WHAT YOU HAVE TO DO: Your copy of the data should leave out the images and match everything else exactly.

INFORMATION SHOWN:
**********

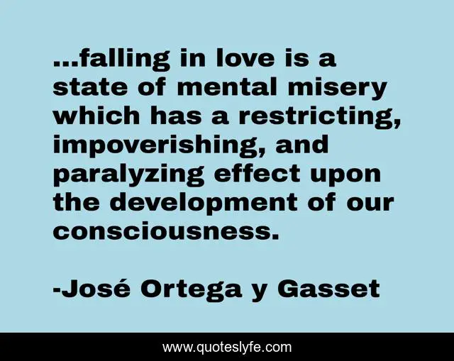 This page presents the quote "…falling in love is a state of mental misery which has a restricting, impoverishing, and paralyzing effect upon the development of our consciousness.". Author of this quote is José Ortega y Gasset. This quote is about love, consciousness, affection, misery,.
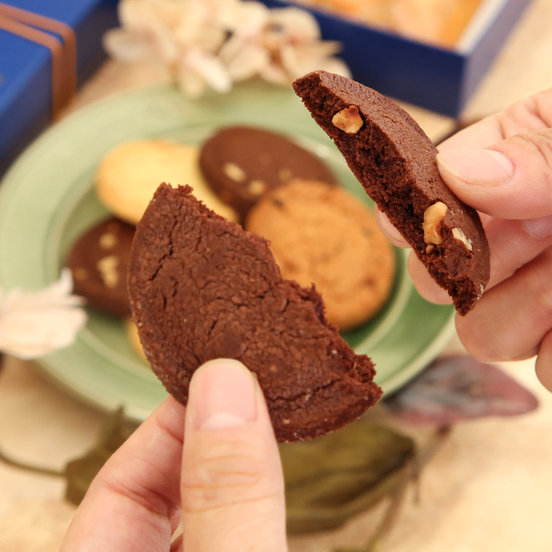 チョコレート生地のサブレに、ヘーゼルナッツを散りばめてサクサクとした食感に仕上げました。高級スペイン産チョコレートを使用する事で、濃厚な味わいが際立ちます。※ノワゼットとは、フランス語で「ヘーゼルナッツ」の意味です。
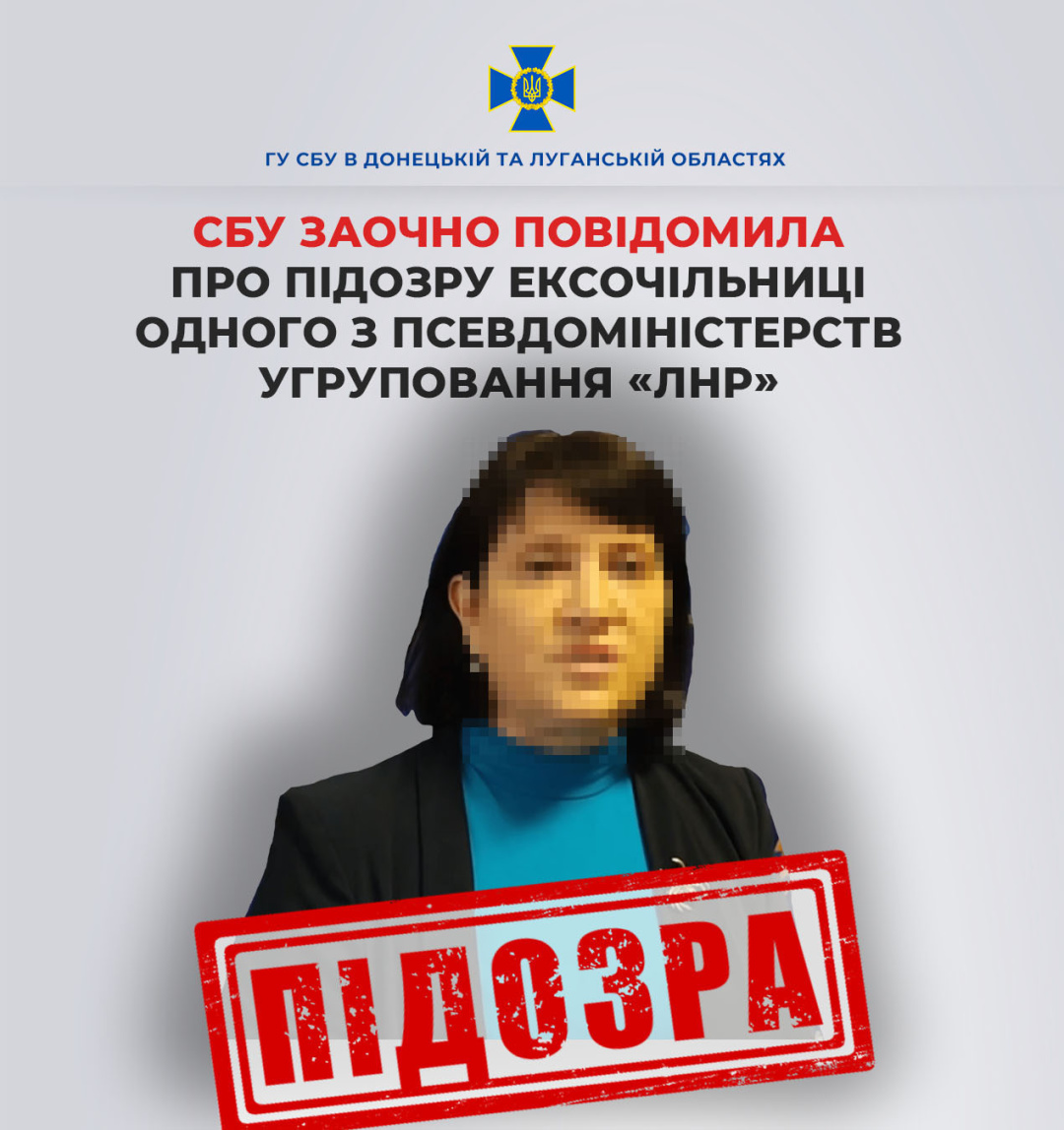 «Служба безпеки зібрала доказову базу щодо чергової зрадниці, яка добровільно співпрацювала з російськими окупантами у складі так званого «уряду ЛНР». Встановлено, що мешканка тимчасово окупованого Луганська з початку повномасштабної агресії РФ підтримувала загарбників та обіймала керівні посади в окупаційному «мінекономрозвитку ЛНР», - ідеться в повідомленні.

**********

RESPONSE:
 This page presents the quote "…falling in love is a state of mental misery which has a restricting, impoverishing, and paralyzing effect upon the development of our consciousness.". Author of this quote is José Ortega y Gasset. This quote is about love, consciousness, affection, misery,.
 チョコレート生地のサブレに、ヘーゼルナッツを散りばめてサクサクとした食感に仕上げました。高級スペイン産チョコレートを使用する事で、濃厚な味わいが際立ちます。※ノワゼットとは、フランス語で「ヘーゼルナッツ」の意味です。
 «Служба безпеки зібрала доказову базу щодо чергової зрадниці, яка добровільно співпрацювала з російськими окупантами у складі так званого «уряду ЛНР». Встановлено, що мешканка тимчасово окупованого Луганська з початку повномасштабної агресії РФ підтримувала загарбників та обіймала керівні посади в окупаційному «мінекономрозвитку ЛНР», - ідеться в повідомленні.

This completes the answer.